# varnishing unstained wood



## DesigningWoman (Oct 29, 2010)

Hello debd and congratulations on the remodeling. Your new mirrored closet doors sound like a beautiful upgrade. When I grew up, everything had to be stained and then finished dark. If it didn’t take time and labor, it really wasn’t “good.” Then I went through the “everything has to match” phase.

Lighter woods are more popular now. I am happy to tell you about some choices to finish your wood that will keep the light pine look and protect it for years to come. Minwax® (a brand that I am familiar with) has three products that offer one-step stain and finish. 

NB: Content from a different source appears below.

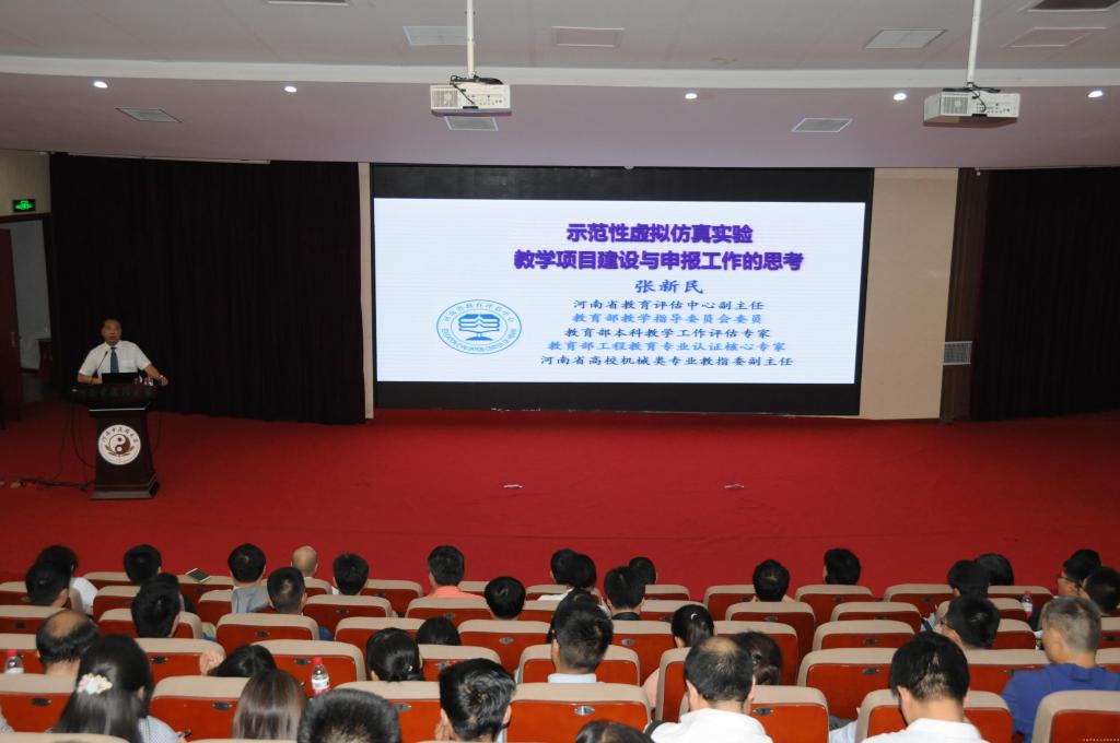 2018年5月8日下午,河南省虚拟仿真实验教学项目培训会在leyu·乐鱼(中国)体育官方网站顺利召开。省教育厅高教处副处长岳德胜、省教育评估中心副主任张新民、副校长田力、教务处处长彭新出席会议,全省54所本科院校200余人参加了培训会。会议由教育厅高教处副处长岳德胜主持。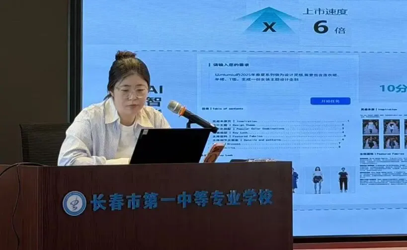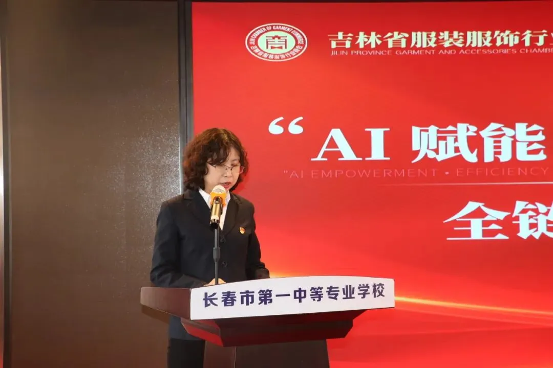 长春市第一中等专业学校校长皮艳秋致辞,她对商会与行业专家表示欢迎与感谢!她表示,本次AI培训紧扣产业需求,对深化产教融合、培育复合型技能人才意义重大,更是赋能区域产业发展的务实举措,学校将持续与行业携手共育人才,助力服装产业高质量发展。

1 -Water Based WoodSheen® Rubbing Stain and Finish in *Natural* – dries in about an hour
2 -Polyshades® wood stain and polyurethane (in one) in *Honey Pine* (slightly warmer than a light pine) – also comes in a low VOC formula (therefore less odor)
3 -Express Color Wiping Stain & Finish in *Oak* (this is the “lightest” color in this finish) - water based, low odor, and fast drying

The website is www.minwax.com and they have more ideas for your project. 

Best wishes and please post photos so we can see how they turned out!


----------



## debd (Jul 16, 2008)

Thank you Designingwoman.
I went to the store today and your comments helped a lot.


----------